Фогтман вздрогнул. Неприятный холодок пробежал по спине, подсказывая, что Рудольф наблюдает за ним; а когда он обернулся и посмотрел на окна второго этажа, ему почудилось, словно кто-то тенью метнулся в глубь комнаты. Впрочем, он мог и ошибиться. Но если Рудольф сейчас встретит его у двери, значит, этой мимолетной тенью был именно он. Не исключено, что шурин чуточку повредился в уме.
В задумчивости обогнув дом, Фогтман подошел к парадной двери, позвонил и услыхал, как псы кинулись было с лаем вниз по лестнице, но потом, видимо повинуясь неслышному с улицы повелительному свисту, неожиданно повернули обратно. В тот же самый миг, когда собаки снова помчались на второй этаж, раздалось тихое жужжание и дверь открылась. Фогтман нерешительно ступил в сумеречный холл, вдохнул затхлую, точно в склепе, холодную сырость и услышал, как Рудольф наверху что-то заискивающе бубнит, загоняя собак в комнату. Слов не разобрать, но голос был сильный, как у человека, отвыкшего разговаривать и к тому же, видимо, пьяного.
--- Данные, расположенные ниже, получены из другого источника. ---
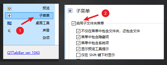 在 QTTabBar 里,你可以通过子菜单来解决这个问题,先开启该功能:

— Я сейчас поднимусь к тебе, — крикнул Фогтман, — только вот осмотрюсь тут немножко для начала.
Рудольф не ответил, наверное не расслышал.
Фогтману же в этом молчании чудилась враждебность, оно будто вобрало в себя протест всего дома против него, незваного чужака. Потому он, видимо, и окликнул шурина. Из потребности объявить дому и его обитателю, что он здесь.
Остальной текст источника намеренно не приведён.